This function is almost exactly the same as it was before but now it is clear what it does and on what kind of argument it works. Also, the naming is now consistend with other resources.

We call our structure a lock because it guards access to a critical section. If it is locked you can’t enter. If it’s open you can acquire that lock, and close it behind you. Others will see it as locked and wait. We call our structure a spinlock because of the way it is accessed. SpinlockAcquire will spin in a loop constantly checking if lock if free and will never stop until it finds a spinlock open and acquires it.

Spinlock created this way is a generic way of creating critical sections of all kind in many processes.

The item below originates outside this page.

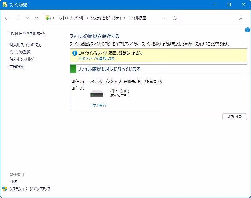 ファイル履歴だけ設定しておく。写真や文書だけでも守れればひとまずOK。

If you have anything that needs to be shared between processes you give it a spinlock and every force every process to acquire that spinlock before accessing it.

// global process array
struct proc[MAX_PROC_NUM];
struct spinlock procArrayLock;



// some function that can be called in a process to work on process array

SpinlockAcquire(&procArrayLock);

// work on array

SpinlockRelease(&procArrayLock);

SpinlockRelease bundles up release of a lock the same way SpinlockAcquire bundled locking. SpinlockInitialize should be implemented and called to make sure that lock is initially open.

4. What to do if in critical section process doesn’t like what it sees?

Current state of affairs is that we can safely enter a critical section, do some work on a shared resource and leave safely.

That’s great but what if we’re in a critical section but shared resource is in a state that prevents us from doing our job?

Our global counter worked pretty nicely so let’s use it again.

Now it looks like that:

int counter = 0;
struct spinlock counterLock;

We have our variable and a spinlock to guard access to it.

There are processes running around incrementing it in a safe manner so let’s assume there is another one that doesn’t want to increment it but do something else depending on counter value. Maybe trigger some procedure when counter > 200? Maybe halve counter? Oh, and it’s this processes only job, halve a counter when it’s > 200. Indefinitely.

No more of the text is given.